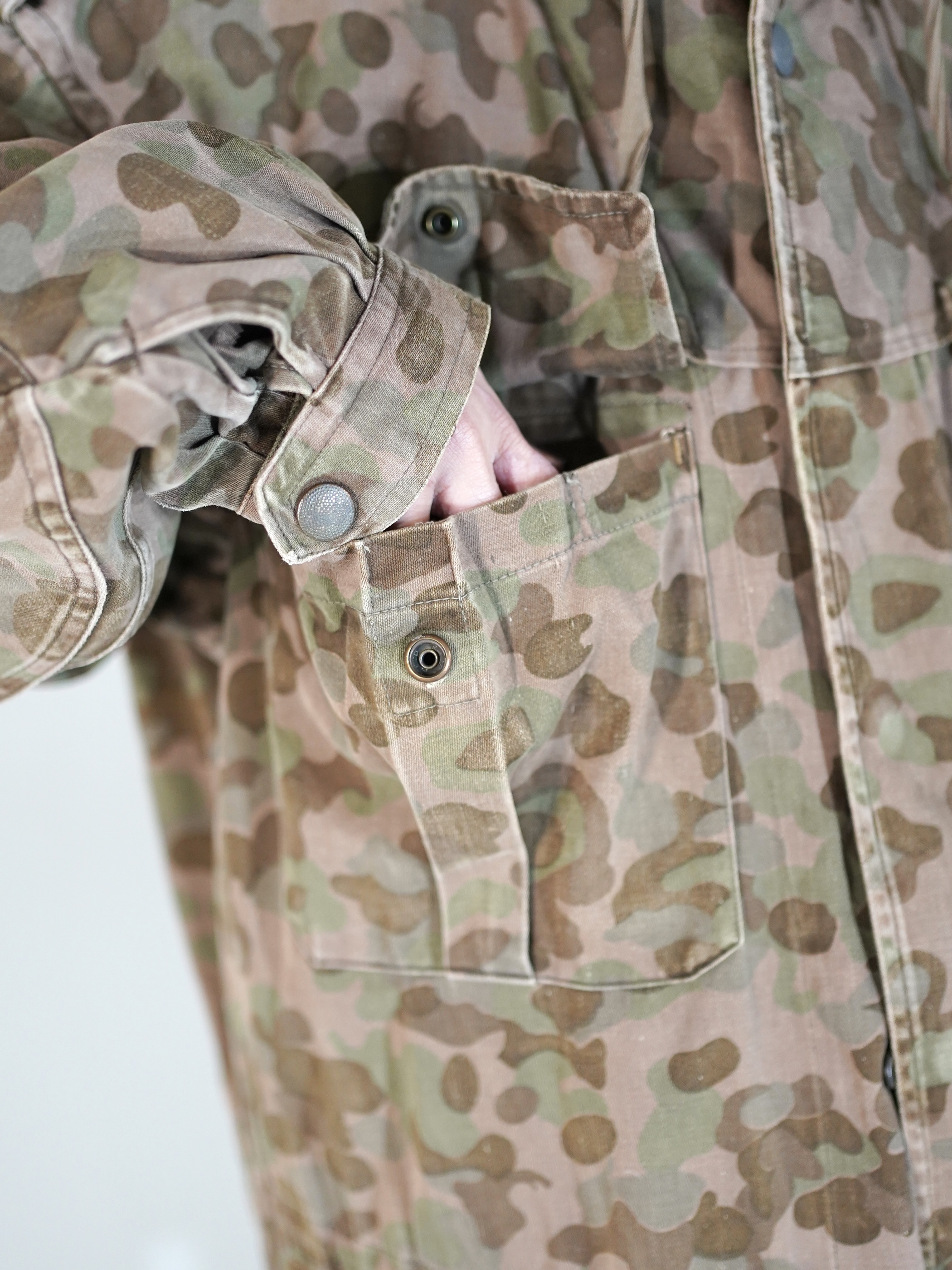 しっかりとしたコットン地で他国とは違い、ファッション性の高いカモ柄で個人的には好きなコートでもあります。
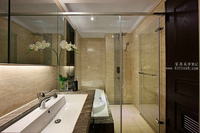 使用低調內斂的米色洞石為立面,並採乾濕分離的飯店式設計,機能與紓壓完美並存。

::::::

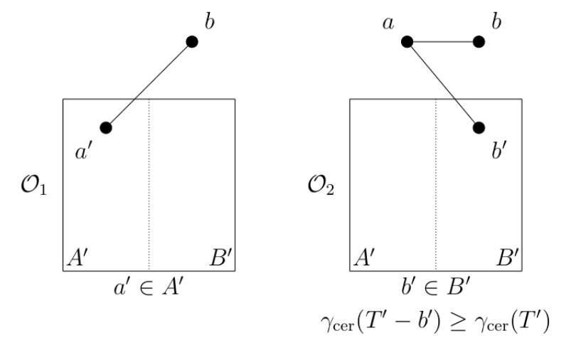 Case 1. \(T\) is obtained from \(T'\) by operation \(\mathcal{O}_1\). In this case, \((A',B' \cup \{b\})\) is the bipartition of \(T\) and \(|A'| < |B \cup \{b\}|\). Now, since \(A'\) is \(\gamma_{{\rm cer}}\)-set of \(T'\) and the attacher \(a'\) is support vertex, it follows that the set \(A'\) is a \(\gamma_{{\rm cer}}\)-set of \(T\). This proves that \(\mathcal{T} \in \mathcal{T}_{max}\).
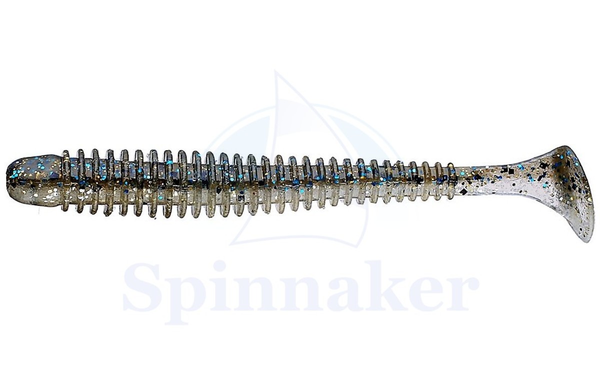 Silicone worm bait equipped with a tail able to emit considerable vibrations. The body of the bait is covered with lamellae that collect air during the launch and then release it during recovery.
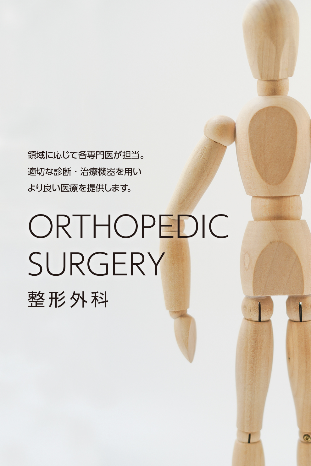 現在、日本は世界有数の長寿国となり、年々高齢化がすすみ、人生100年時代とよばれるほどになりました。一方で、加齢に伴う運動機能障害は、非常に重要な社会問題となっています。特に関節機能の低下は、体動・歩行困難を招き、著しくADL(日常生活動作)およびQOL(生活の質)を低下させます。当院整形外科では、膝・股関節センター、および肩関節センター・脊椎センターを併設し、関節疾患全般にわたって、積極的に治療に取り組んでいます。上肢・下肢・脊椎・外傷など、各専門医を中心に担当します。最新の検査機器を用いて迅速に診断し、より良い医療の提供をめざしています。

::::::

- [Task]: Leaving pictures out, output the lines of the data above from the one with "しっかりとしたコットン地で他" through the one with "使用低調內斂的米色洞石為立面,並採乾濕分離的飯店式設計,機能與紓壓完美並存。", word for word.

- [Exercise answer]:
 しっかりとしたコットン地で他国とは違い、ファッション性の高いカモ柄で個人的には好きなコートでもあります。
 使用低調內斂的米色洞石為立面,並採乾濕分離的飯店式設計,機能與紓壓完美並存。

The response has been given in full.